Extracted data entries

* * *

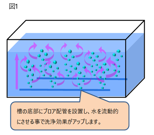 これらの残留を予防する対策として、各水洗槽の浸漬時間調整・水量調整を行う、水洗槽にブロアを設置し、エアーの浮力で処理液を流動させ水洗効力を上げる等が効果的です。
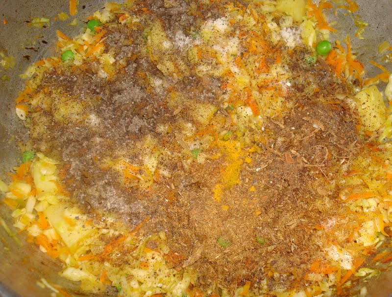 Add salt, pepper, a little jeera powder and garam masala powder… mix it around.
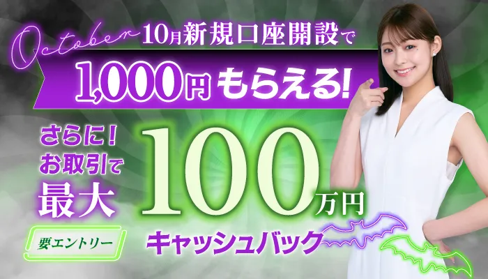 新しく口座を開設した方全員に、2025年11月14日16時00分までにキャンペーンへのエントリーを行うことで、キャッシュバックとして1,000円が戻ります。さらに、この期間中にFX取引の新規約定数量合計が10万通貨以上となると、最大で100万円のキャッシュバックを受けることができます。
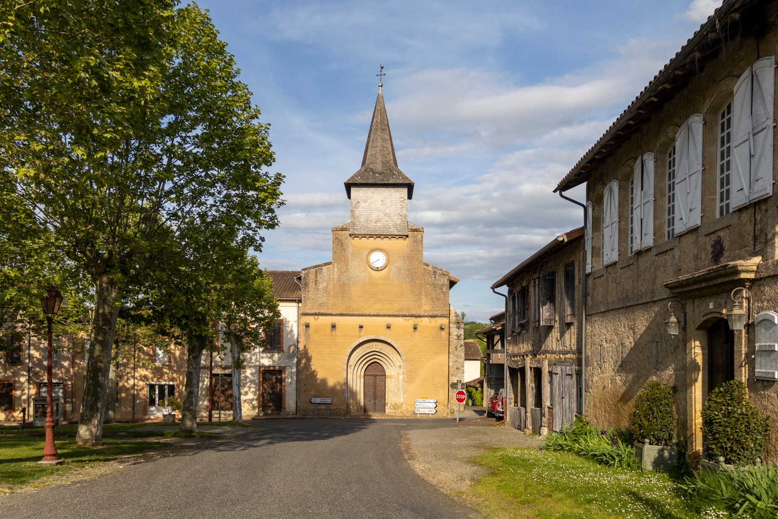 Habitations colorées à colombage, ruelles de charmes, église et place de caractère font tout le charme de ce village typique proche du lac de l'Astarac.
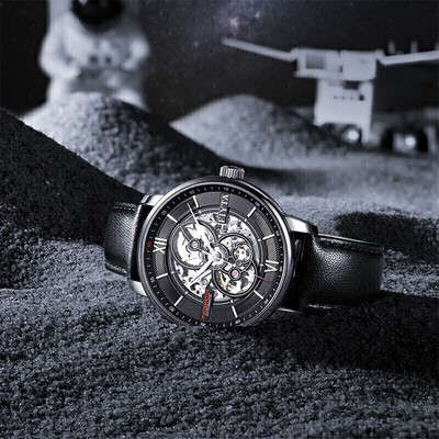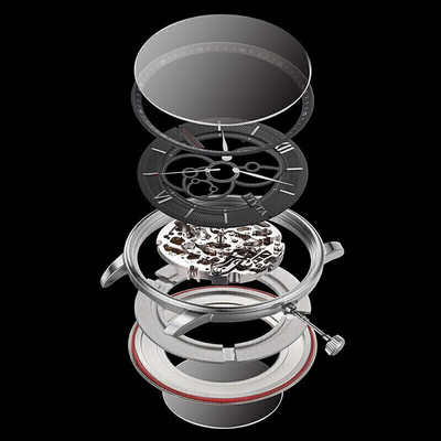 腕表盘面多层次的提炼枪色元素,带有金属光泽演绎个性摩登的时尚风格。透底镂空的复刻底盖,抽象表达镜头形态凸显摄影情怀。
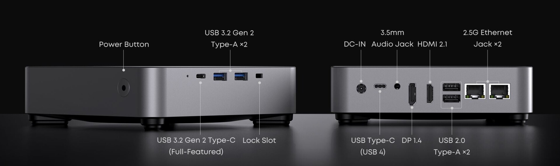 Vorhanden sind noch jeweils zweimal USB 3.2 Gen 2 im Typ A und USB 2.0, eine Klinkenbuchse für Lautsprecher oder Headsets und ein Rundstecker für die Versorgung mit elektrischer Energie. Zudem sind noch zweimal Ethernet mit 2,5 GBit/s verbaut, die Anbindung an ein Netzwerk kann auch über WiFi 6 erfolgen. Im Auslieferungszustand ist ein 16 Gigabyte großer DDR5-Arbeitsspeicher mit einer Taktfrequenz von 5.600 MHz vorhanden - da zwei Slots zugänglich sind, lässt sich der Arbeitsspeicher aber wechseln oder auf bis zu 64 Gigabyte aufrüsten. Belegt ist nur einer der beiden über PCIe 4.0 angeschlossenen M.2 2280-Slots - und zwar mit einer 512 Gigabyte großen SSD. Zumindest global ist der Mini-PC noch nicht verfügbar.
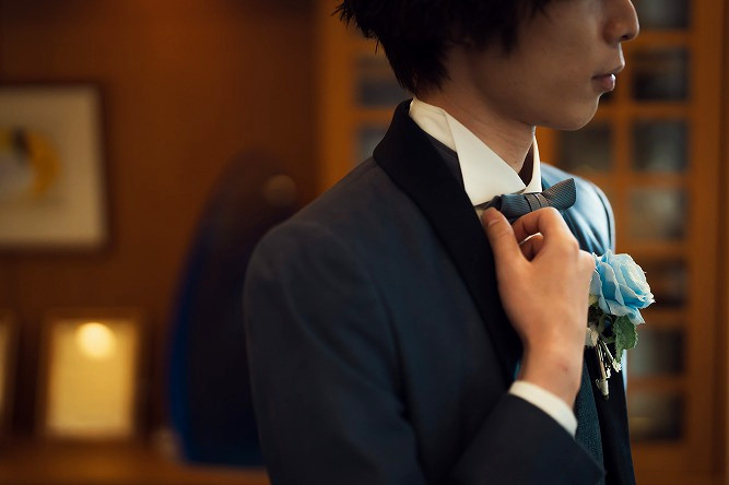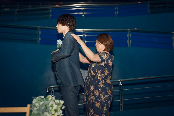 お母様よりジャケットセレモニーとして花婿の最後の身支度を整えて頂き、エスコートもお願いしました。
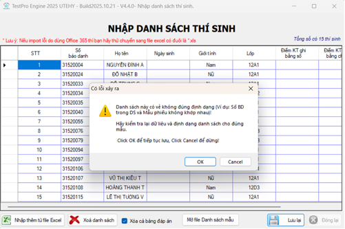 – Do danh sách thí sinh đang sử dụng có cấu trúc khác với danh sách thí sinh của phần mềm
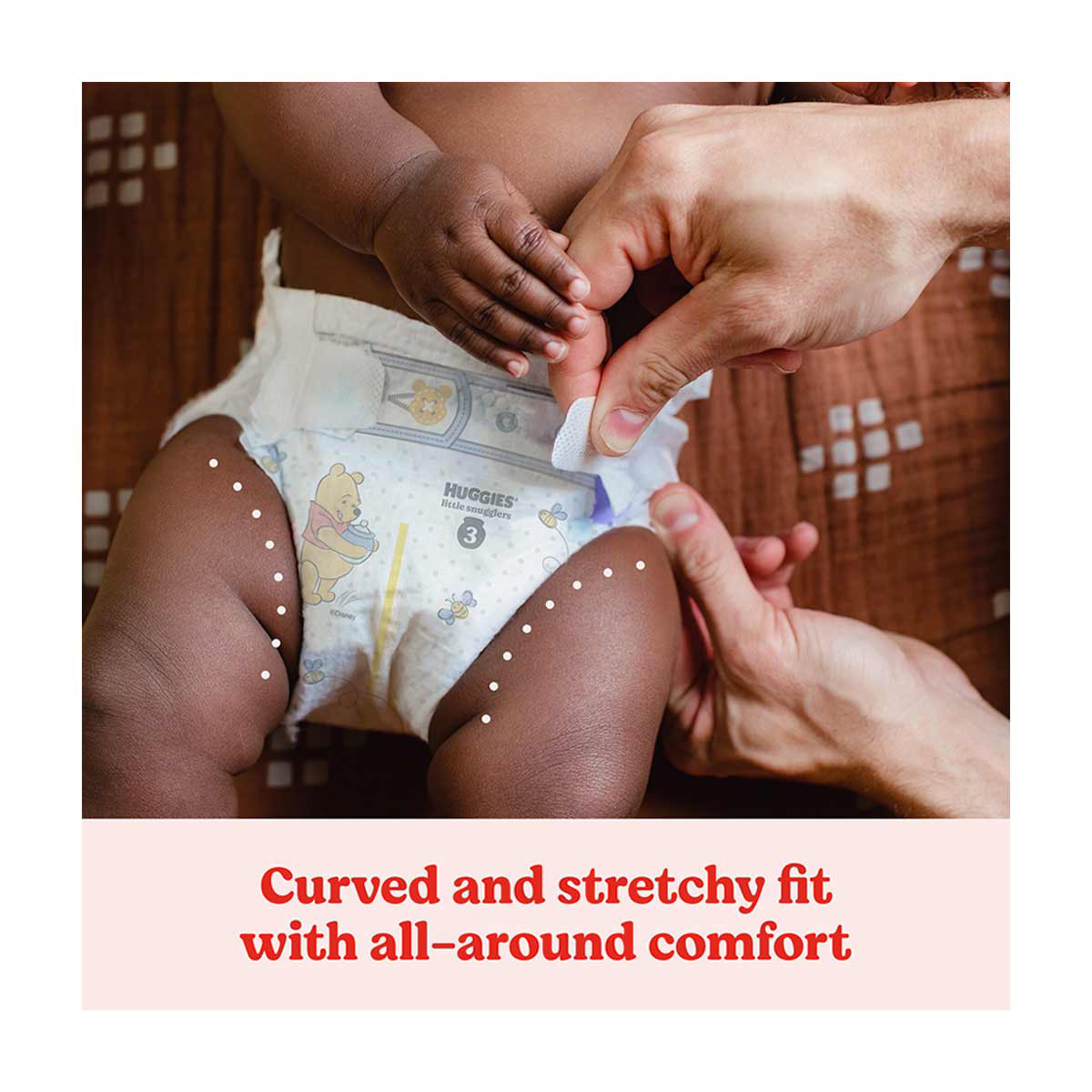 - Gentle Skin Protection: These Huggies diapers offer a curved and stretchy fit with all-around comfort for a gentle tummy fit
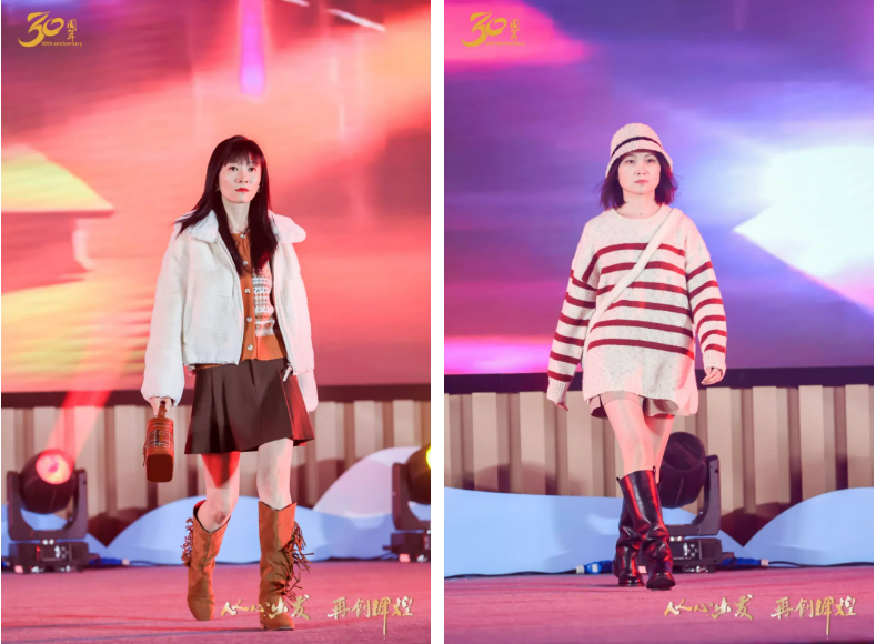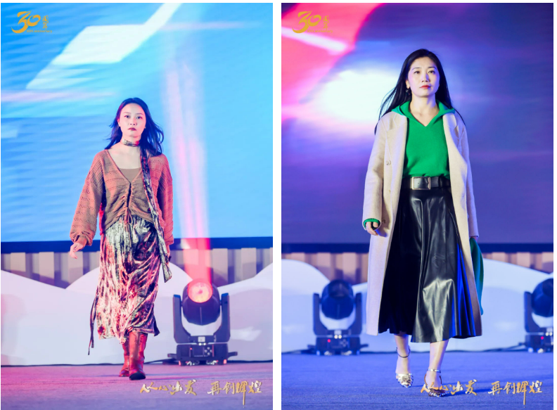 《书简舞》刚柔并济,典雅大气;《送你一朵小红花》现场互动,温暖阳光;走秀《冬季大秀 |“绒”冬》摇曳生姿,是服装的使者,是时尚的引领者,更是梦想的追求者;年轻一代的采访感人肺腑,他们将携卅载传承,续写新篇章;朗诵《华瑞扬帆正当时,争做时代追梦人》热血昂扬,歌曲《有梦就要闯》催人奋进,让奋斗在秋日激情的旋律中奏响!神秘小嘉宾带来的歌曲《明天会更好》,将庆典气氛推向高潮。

* * *

**TASK OBJECTIVE:** Quote the entries above word for word. Leave the images out.

**TASK OUTPUT:**
 これらの残留を予防する対策として、各水洗槽の浸漬時間調整・水量調整を行う、水洗槽にブロアを設置し、エアーの浮力で処理液を流動させ水洗効力を上げる等が効果的です。
 Add salt, pepper, a little jeera powder and garam masala powder… mix it around.
 新しく口座を開設した方全員に、2025年11月14日16時00分までにキャンペーンへのエントリーを行うことで、キャッシュバックとして1,000円が戻ります。さらに、この期間中にFX取引の新規約定数量合計が10万通貨以上となると、最大で100万円のキャッシュバックを受けることができます。
 Habitations colorées à colombage, ruelles de charmes, église et place de caractère font tout le charme de ce village typique proche du lac de l'Astarac.
 腕表盘面多层次的提炼枪色元素,带有金属光泽演绎个性摩登的时尚风格。透底镂空的复刻底盖,抽象表达镜头形态凸显摄影情怀。
 Vorhanden sind noch jeweils zweimal USB 3.2 Gen 2 im Typ A und USB 2.0, eine Klinkenbuchse für Lautsprecher oder Headsets und ein Rundstecker für die Versorgung mit elektrischer Energie. Zudem sind noch zweimal Ethernet mit 2,5 GBit/s verbaut, die Anbindung an ein Netzwerk kann auch über WiFi 6 erfolgen. Im Auslieferungszustand ist ein 16 Gigabyte großer DDR5-Arbeitsspeicher mit einer Taktfrequenz von 5.600 MHz vorhanden - da zwei Slots zugänglich sind, lässt sich der Arbeitsspeicher aber wechseln oder auf bis zu 64 Gigabyte aufrüsten. Belegt ist nur einer der beiden über PCIe 4.0 angeschlossenen M.2 2280-Slots - und zwar mit einer 512 Gigabyte großen SSD. Zumindest global ist der Mini-PC noch nicht verfügbar.
 お母様よりジャケットセレモニーとして花婿の最後の身支度を整えて頂き、エスコートもお願いしました。
 – Do danh sách thí sinh đang sử dụng có cấu trúc khác với danh sách thí sinh của phần mềm
 - Gentle Skin Protection: These Huggies diapers offer a curved and stretchy fit with all-around comfort for a gentle tummy fit
 《书简舞》刚柔并济,典雅大气;《送你一朵小红花》现场互动,温暖阳光;走秀《冬季大秀 |“绒”冬》摇曳生姿,是服装的使者,是时尚的引领者,更是梦想的追求者;年轻一代的采访感人肺腑,他们将携卅载传承,续写新篇章;朗诵《华瑞扬帆正当时,争做时代追梦人》热血昂扬,歌曲《有梦就要闯》催人奋进,让奋斗在秋日激情的旋律中奏响!神秘小嘉宾带来的歌曲《明天会更好》,将庆典气氛推向高潮。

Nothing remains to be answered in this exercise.